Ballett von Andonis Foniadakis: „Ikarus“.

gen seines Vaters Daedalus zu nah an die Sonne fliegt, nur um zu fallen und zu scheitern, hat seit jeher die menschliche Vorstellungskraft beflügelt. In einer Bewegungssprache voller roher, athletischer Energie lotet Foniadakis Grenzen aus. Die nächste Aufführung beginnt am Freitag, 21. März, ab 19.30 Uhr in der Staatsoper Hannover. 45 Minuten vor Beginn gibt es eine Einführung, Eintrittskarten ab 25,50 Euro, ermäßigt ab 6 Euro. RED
* * *
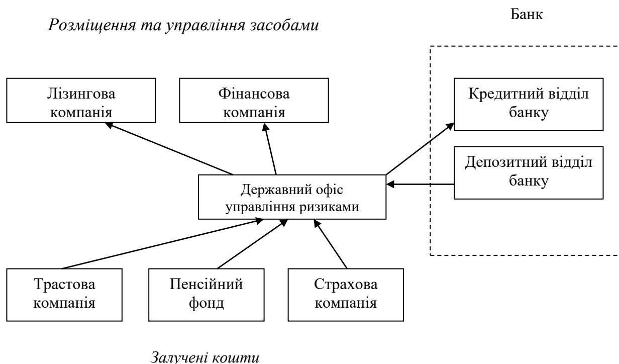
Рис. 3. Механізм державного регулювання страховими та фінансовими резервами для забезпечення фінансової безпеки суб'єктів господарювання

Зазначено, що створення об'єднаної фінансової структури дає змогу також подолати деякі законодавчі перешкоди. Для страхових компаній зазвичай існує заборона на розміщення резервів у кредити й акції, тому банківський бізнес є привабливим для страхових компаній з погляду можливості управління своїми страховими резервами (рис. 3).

_Activity_.
Using the data above, reproduce exactly the lines from the line that contains "Рис. 3. Механізм" through the line that contains "Зазначено, що створення", including both.

_Solution to the problem_.
Рис. 3. Механізм державного регулювання страховими та фінансовими резервами для забезпечення фінансової безпеки суб'єктів господарювання

Зазначено, що створення об'єднаної фінансової структури дає змогу також подолати деякі законодавчі перешкоди. Для страхових компаній зазвичай існує заборона на розміщення резервів у кредити й акції, тому банківський бізнес є привабливим для страхових компаній з погляду можливості управління своїми страховими резервами (рис. 3).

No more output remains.